Governor Unveils Health Care Reform Proposal
Gov. Arnold Schwarzenegger (R) on Monday announced a plan that would require all California residents to obtain health insurance coverage, regardless of immigration status, the Sacramento Bee reports. The plan would expand state programs and require contributions from employers, individuals, insurers, medical providers and the government (Benson/Rojas, Sacramento Bee, 1/9).
The plan would cost an estimated $12 billion (Geis/Lee, Washington Post, 1/9). Schwarzenegger said his plan will save $10 billion annually by reducing costs and redirecting state money already in the health care system (Kurtzman, AP/San Francisco Examiner, 1/9).

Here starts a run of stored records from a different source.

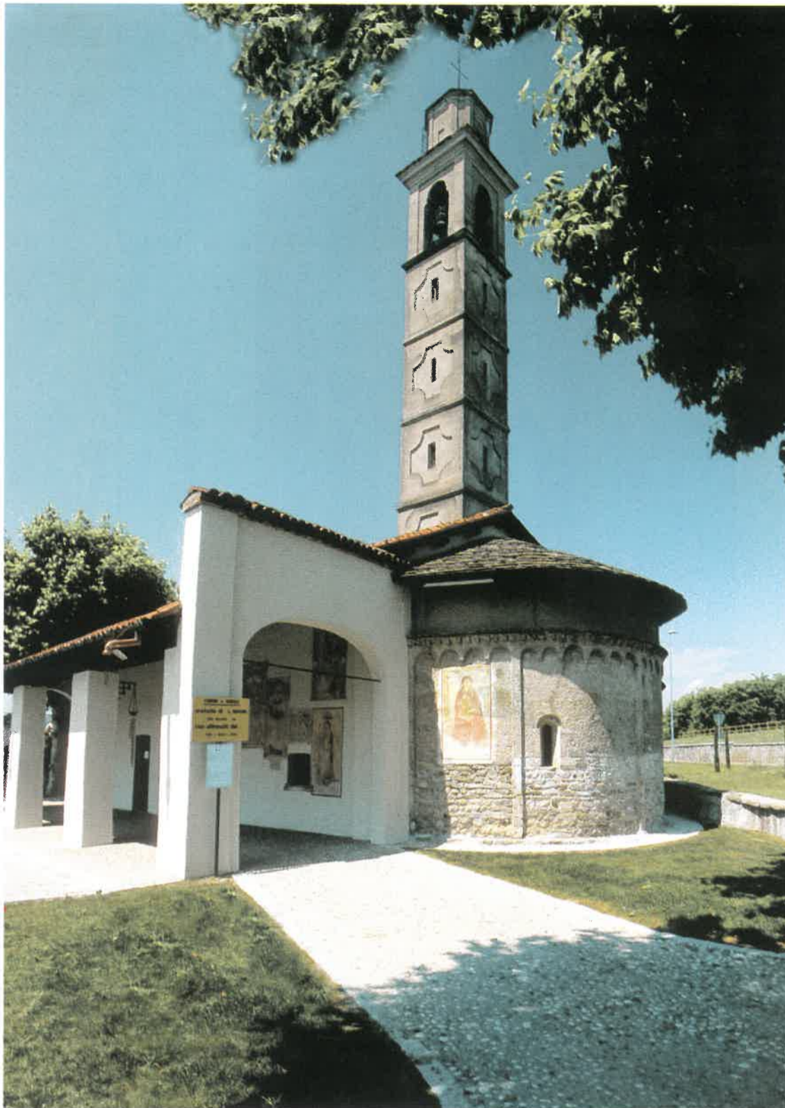
Veduta est con l'abside, il porticato e il settecentesco campanile. Oggi: dopo il restauro dell'affresco, le monofore riportate alla luce, la pavimentazione circostante.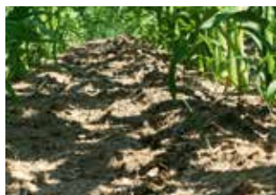
Mit NAGANO® Smart COMBO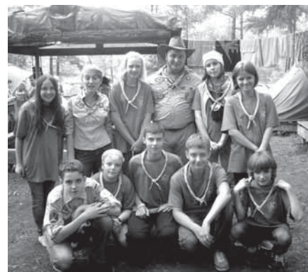
График приехавших на слёт всегда был расписан по минутам — после утренней линейки каждый был занят делом до самого вечера, когда начинались костры и песни под гитару или большие развлечения

тельные мероприятия на сцене, концерты. Подвижные игры и тренинги чередовались с интеллектуальными конкурсами — чтобы участники смогли показать свою разноплановость, развитие не только физическое, но и умственное.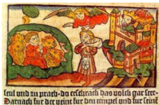
Hand-coloured woodcut of Daniel in the Lions' Den, from the Historie von Joseph, Daniel, Judith und Esther , printed in 1462 at Bamberg by Albrecht Pfister 8

Artysta zdecydowaną kreską zaznaczał kontury postaci, drzeworytnik – rzemieślnik wycinał powierzchnię w klocku sporządzonym z miękkiego drewna ciętego wzdłuż słojów 6 , zostawiając jedynie nienaruszone ślady obrysujących linii, wypukłe w reliefie wyciętego klocka. Na odbitkach, podobnie jak tusz czy ołówek, czarnym konturem wyznaczały one zarysy kompozycji 7 . Technika rozpowszechniła się, ponieważ dzięki niej potrafiono w sposób łatwy i tani powielać kosztowne obrazy, z reguły trudno dostępne, zamknięte w kościelnych czy klasztornych murach. W czarno – białych rycinach, rażąca biel zamalowywano ręcznie farbami, starając się zbliżyć wizerunek w drzeworycie do wizerunku na obrazie, czy witrażu.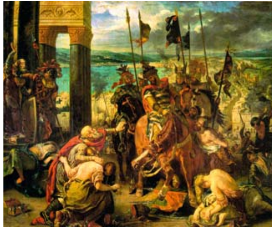
Eugène Delacroix: Příchod křížáků do Konstantinopole v roce 1204

Křížové výpravy trvaly s přestávkami necelých dvě stě let a zanechaly za sebou na Blízkém východě spousty zajímavých památek.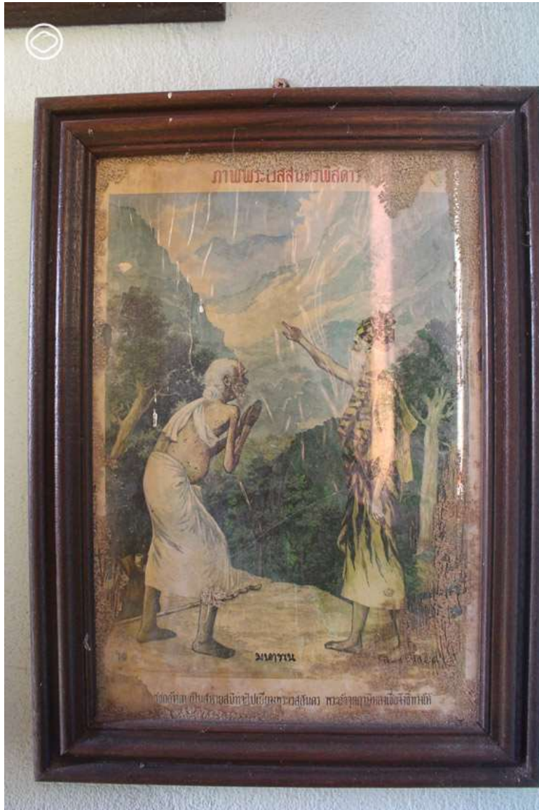
ภาพในกรอบฝีมืออาจารย์เหม เวชกร

จากกัณฑ์จุลพน ก็ต้องต่อด้วยกัณฑ์ที่ 7 อย่างกัณฑ์มหาพนครับ นี่ถือเป็นภาคต่อของกัณฑ์จุลพน เพราะเป็นกัณฑ์ที่สกลีนักพูดของชูชกทำงานอีกครั้งเพื่อหลอกคนให้หลงเชื่อ โดยเหยื่อในครั้งนี้คืออัจจุตฤณีครับ แต่รอบนี้ชูชกไม่ได้โดนไล่ขึ้นต้นไม้แล้วนะครับ ทว่าสิ่งที่เหมือนกันก็คือ ฤณีโดนชูชกหลอกถามทางครับ รอบแรก หลอกว่าเป็นคนของพระเจ้าสุยชัย รอบนี้หลอกว่าอยากสนทนารธรรมกับพระเวสสันดร และฤณีก็โดนหลอกเข้าอย่างจัง บอกทางชูชกจนในที่สุด ชูชกก็หาทางไปหาพระเวสสันดรจนได้ และฉากนี้ก็มักจะแสดงด้วยภาพอัจจุตฤณีกำลังชี้บอกทางให้กับชูชก โดยฉากหลังอาจจะเป็นป่า ริมน้ำ หรือในศาลาก็ได้ครับ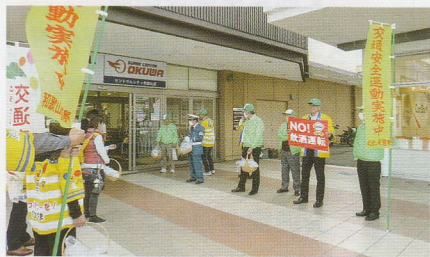
買い物客に交通安全啓発 和歌山東支部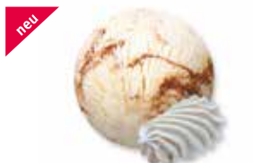
Doppelrahmglace mit Meringuestückchen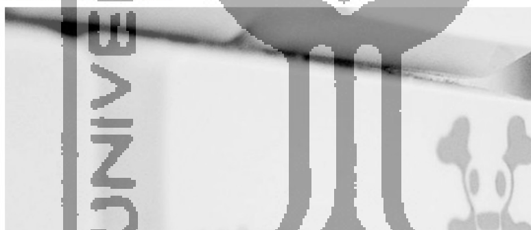
Gambar 1.1 Berita Serangan Siber di Indonesia

Serangan siber dilakukan dengan berbagai motivasi, salah satu motivasinya adalah cybercrime , menurut data yang diambil dari website hackmageddon.com menyebutkan pada bulan Mei 2018 sebesar 81% serangan dilakukan dengan motivasi tersebut ( hackmageddon.com ). Hal ini menempatkan cybercrime pada posisi pertama sebagai motivasi paling banyak dilakukan.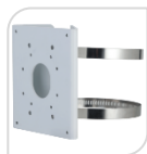
SE-PFA156 € 42,00

STAFFA DA ANGOLO MATERIALE: SECC BIANCO DIMENSIONI: 243x170x138mm TEMPERATURA:<40°C+60°C UMIDITA':<90%RH PESO: Kg 1.7 CARICO: Kg 10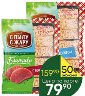
Блинчики С ПЫЛУ С ЖАРУ с мясом; с творогом, 360 г

Funding for the proposal would include:
- Approximately $5.5 billion in additional federal funds to increase reimbursements for Medi-Cal, California's Medicaid program, and to reorganize public insurance programs (Shaw, Stockton Record, 1/9);
- $2 billion in funds paid to hospitals for treating uninsured patients (Robertson, Sacramento Business Journal, 1/8);
- Employer contributions estimated at $1 billion; and
- Contributions from physicians and hospitals that Schwarzenegger estimates will amount to $3.5 billion (Ainsworth, San Diego Union-Tribune, 1/9);
At least one million of the 6.5 million uninsured residents in California are undocumented immigrants, according to state officials (Steinhauer, New York Times, 1/9).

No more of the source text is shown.